>>>>>

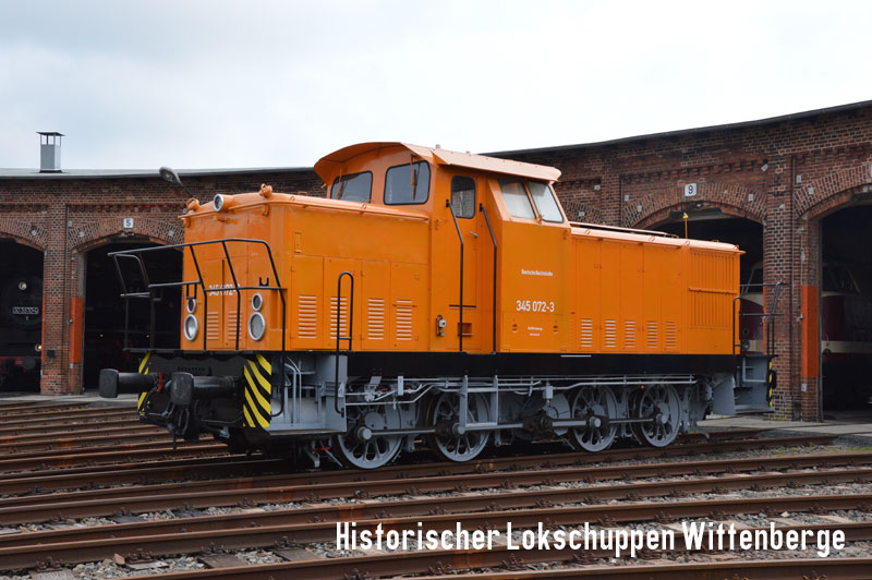 diesel locomotive 345 072-3| Builder: | LEW Henningsdorf | | Type: | V 60 | | Constructed: | 1977 | | Works number: | 15603 | | Power output: | 650 PS | | Maximum speed: | 60 km/h | | State: | Exhibit |
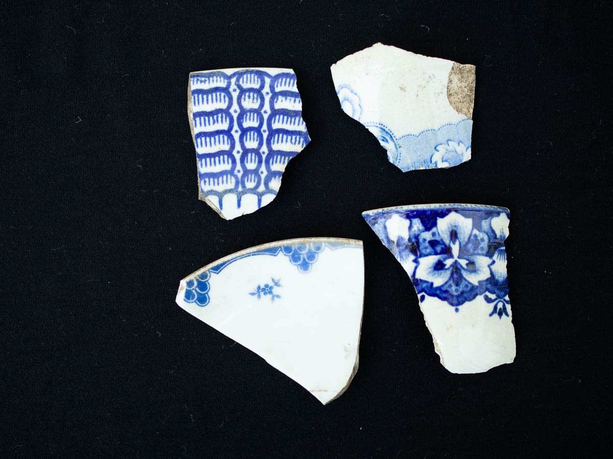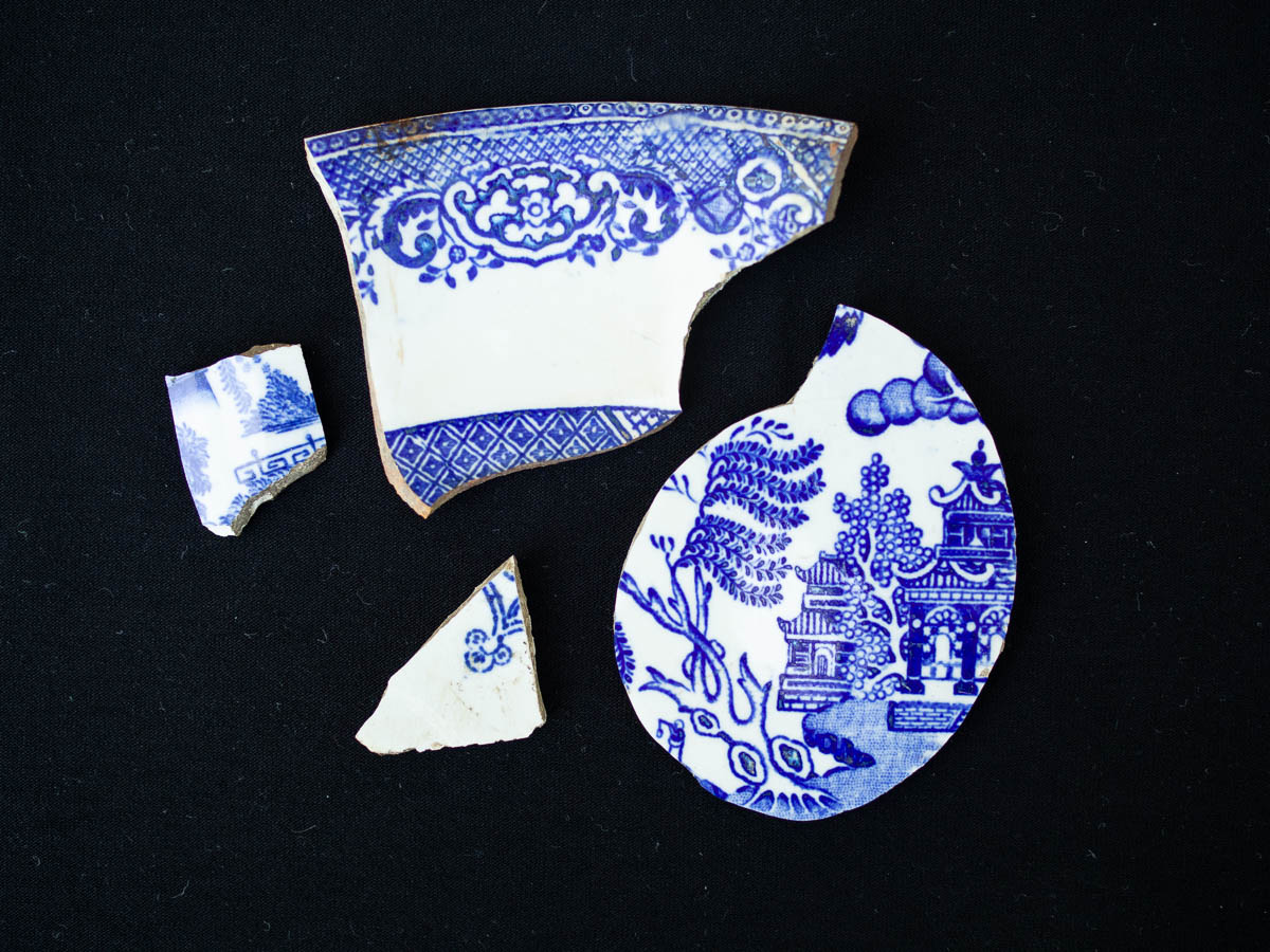 I found pieces of one or more plates with blue and white decorations in a Chinese style…
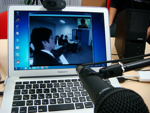東京側は、PCとカメラとプロジェクタがありました。画面に映っているのは、東京側で運営をしてくださった矢吹さん(Lproの社長)。横を向いているのは、そちらに、スクリーンがあり、私の顔が写っているので、自然と向うは、横向きに。(この点は、参加者の方が、自然とスクリーン向きにしゃべってしまい、声の拾いにくさにつながりました。基本的には視線の誘導先にマイクがある方がいい、と気が付きました)
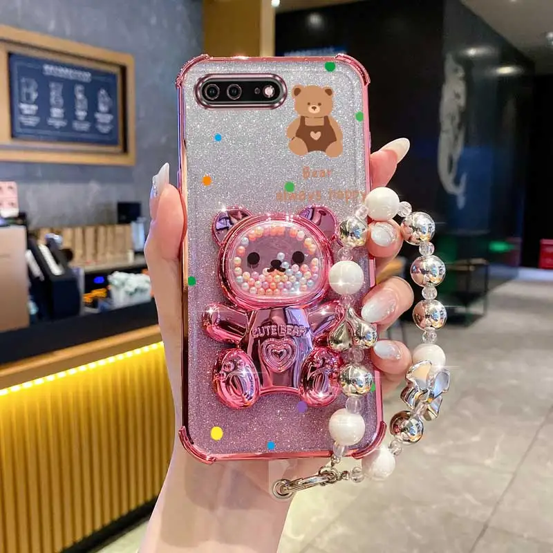 Pearl Strap Lanyard Glitter Strap Bear Phone Holder Case On For iPhone 8 Plus 7 6 6s Plus Se 2020 7plus 8plus Anti-knock Cover  Read more
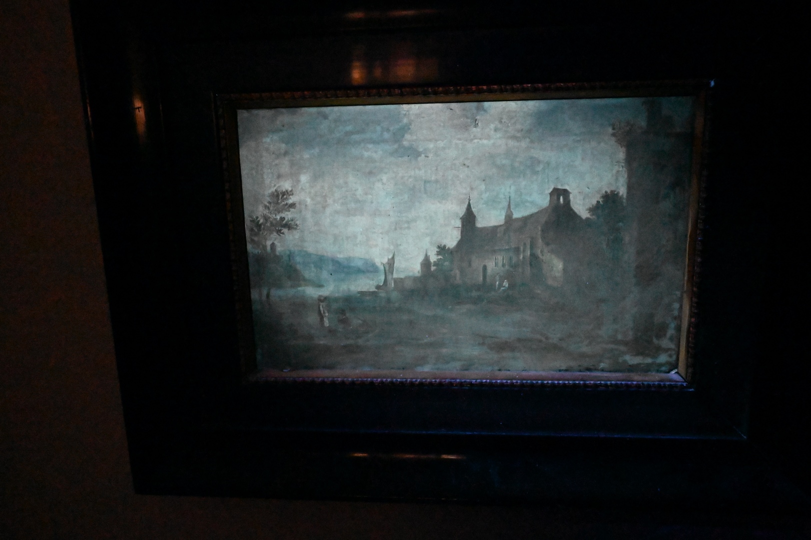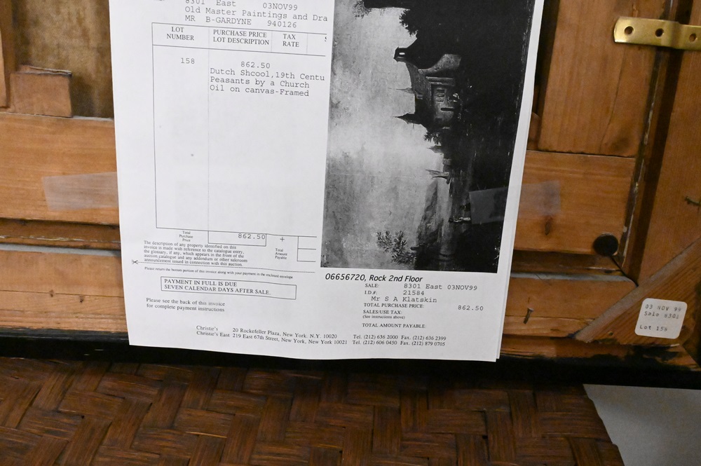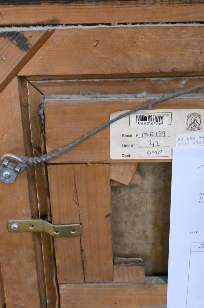 Lot 586: Dutch School, 19th century, peasants by a church beside a river, oil on canvas, sight size 9 3/4″ x 15 1/2″, ebonized frame 18″ x 24″, receipt on back. . Provenance: Christie’s New York Sale #8301, 11/3/99, lot 158. Property from the Estate of R. Thornton Wilson.
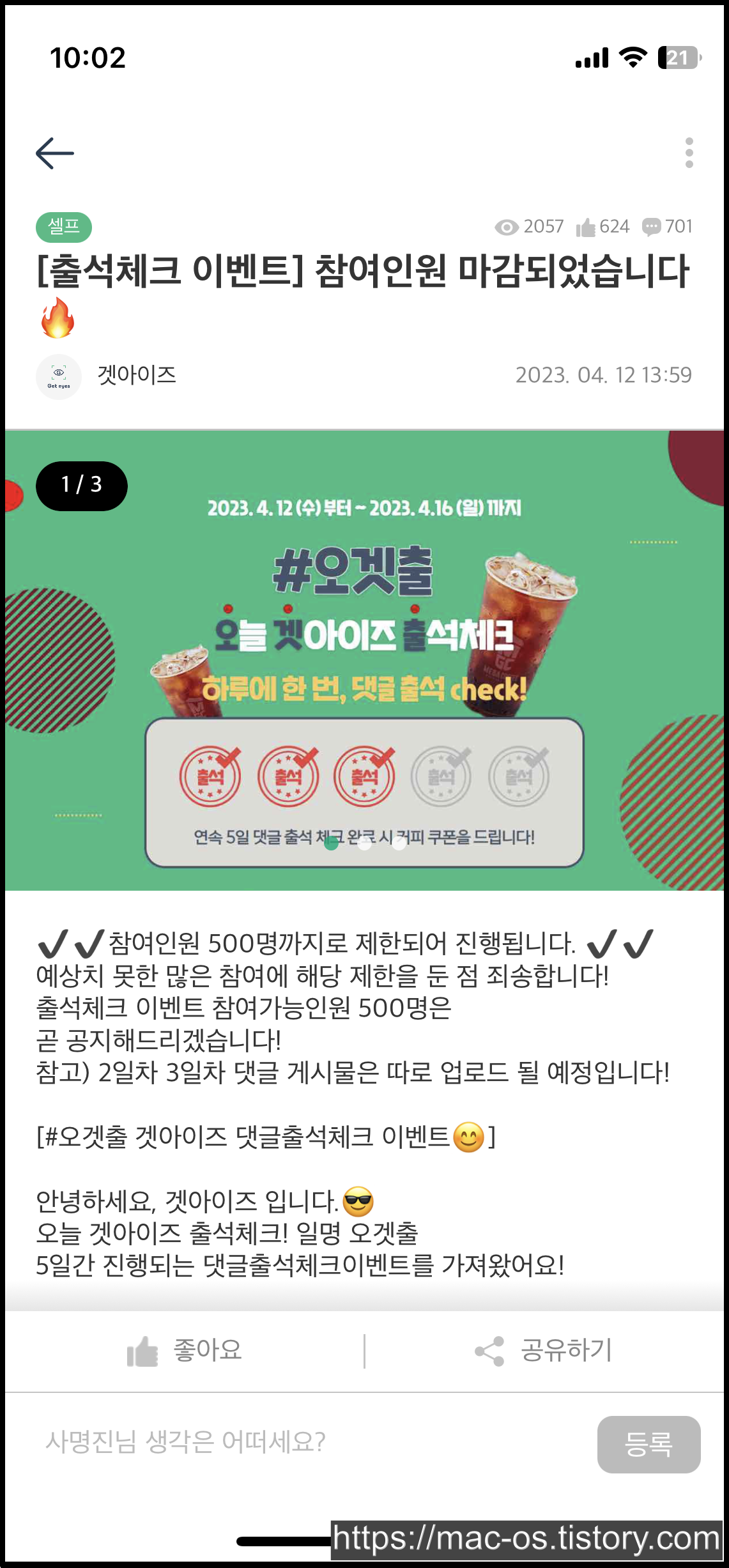 오늘 오후 1시 59분에 종료된 스타벅스 출석체크 이벤트다. 하루에 한 번, 연속 5일 댓글 출석 체크 완료 시 스타벅스 커피 쿠폰을 준다는데 참여인원 500명으로 종료되었다.
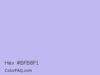 Hex #bfb8f1 Color is a very light indigo color and the nearest color is Melrose #c7c1ff. Hex code #bfb8f1 and RGB value is rgb(191,184,241). In RGB color space, this color is composed of 75% red, 72% green, 95% blue, In CMYK color space, this color is composed of 21% cyan, 24% magenta, 0% yellow , 5% black , In HSL color space, this color has a hue angle of 247° , 67% saturation and 83% lightness.
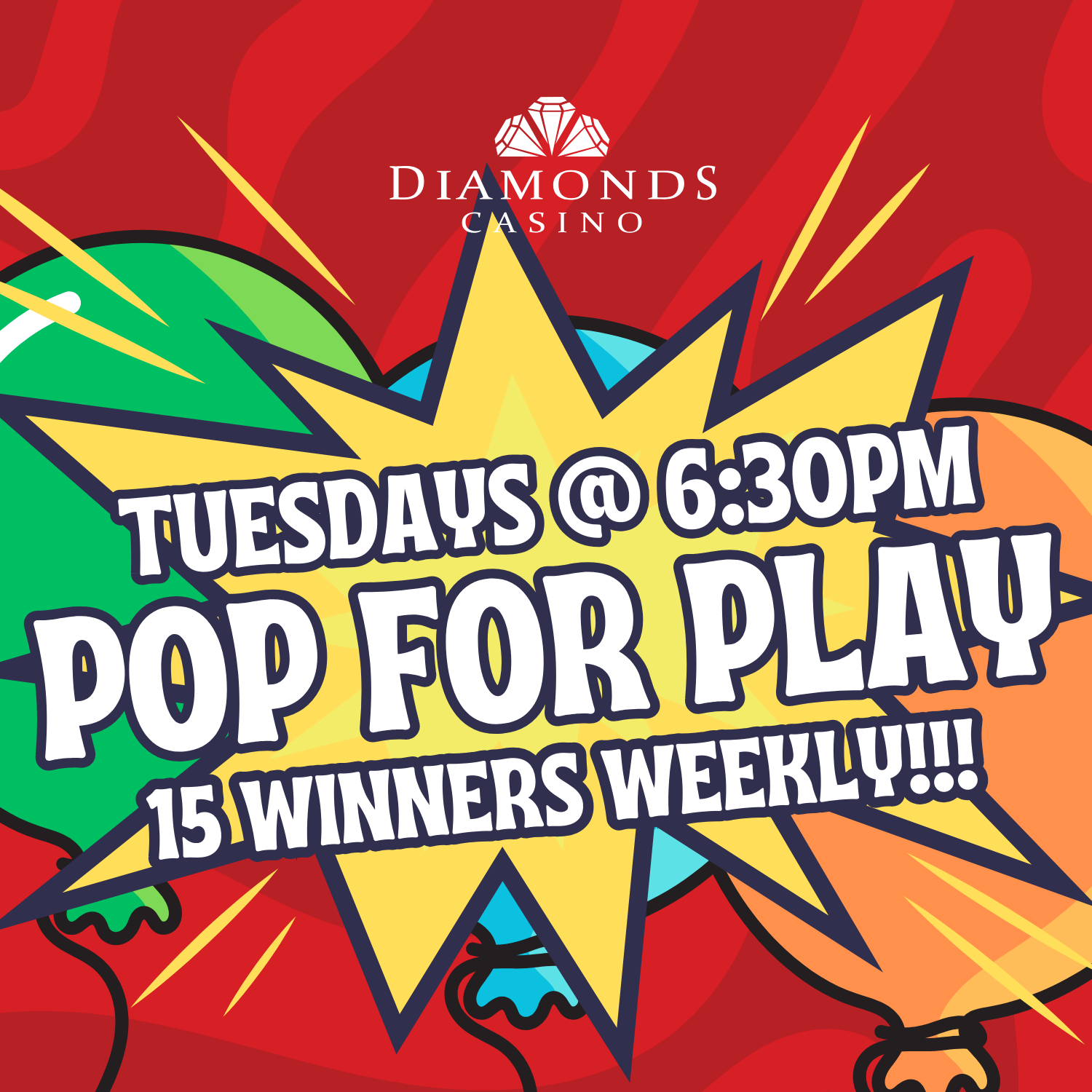 For some mid-week excitement starting at 6:30 on Tuesday, join us for Pop for Play. Drop your tickets into the drum and participate in the excitement of winning Free Play, for each 100 points you get one ticket. The more you play the better chances you have to win.
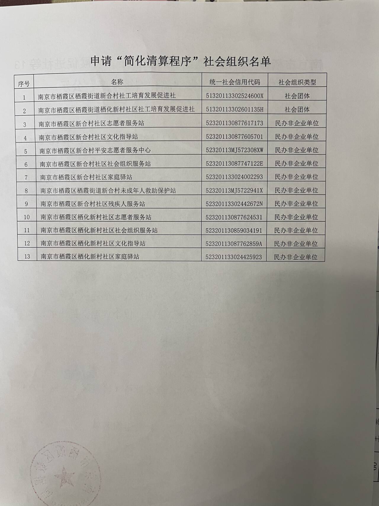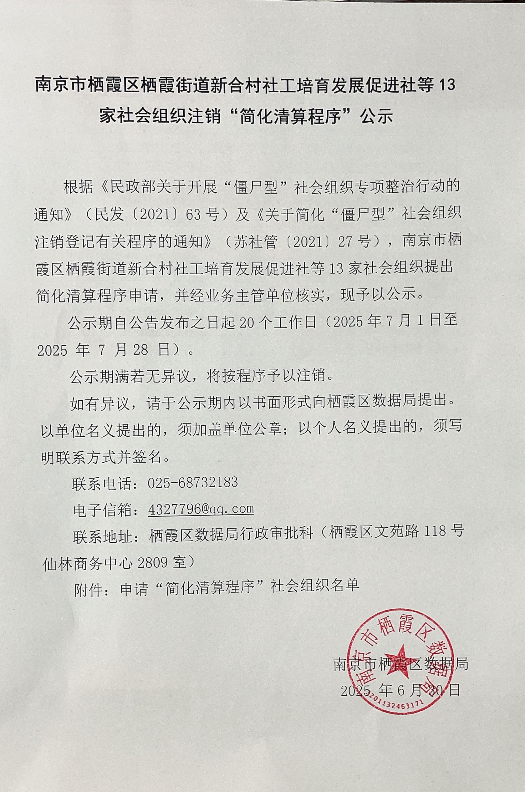 南京市棲霞區(qū)棲霞街道新合村社工培育發(fā)展促進(jìn)社等13家社會(huì)組織注銷“簡化清算程序”公示
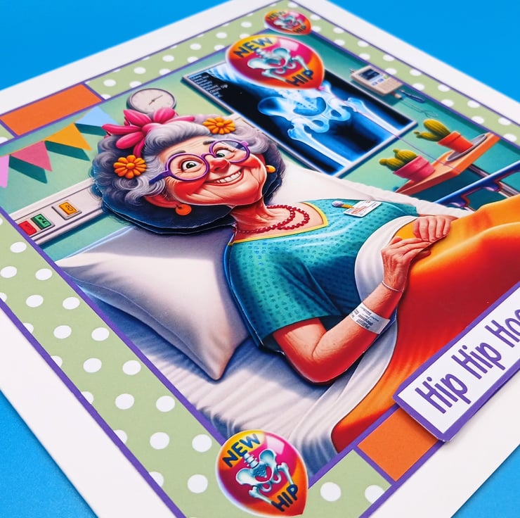 There is a lady sitting up in bed with flowers in her hair looking happy she has a new hip this image has been decoupaged

<<<<<

Exercise. Retype only the lines that run from the first line of the entries above to the line containing "I found pieces", both included. Do not carry over any pictures.

Problem solution.
 diesel locomotive 345 072-3| Builder: | LEW Henningsdorf | | Type: | V 60 | | Constructed: | 1977 | | Works number: | 15603 | | Power output: | 650 PS | | Maximum speed: | 60 km/h | | State: | Exhibit |
 I found pieces of one or more plates with blue and white decorations in a Chinese style…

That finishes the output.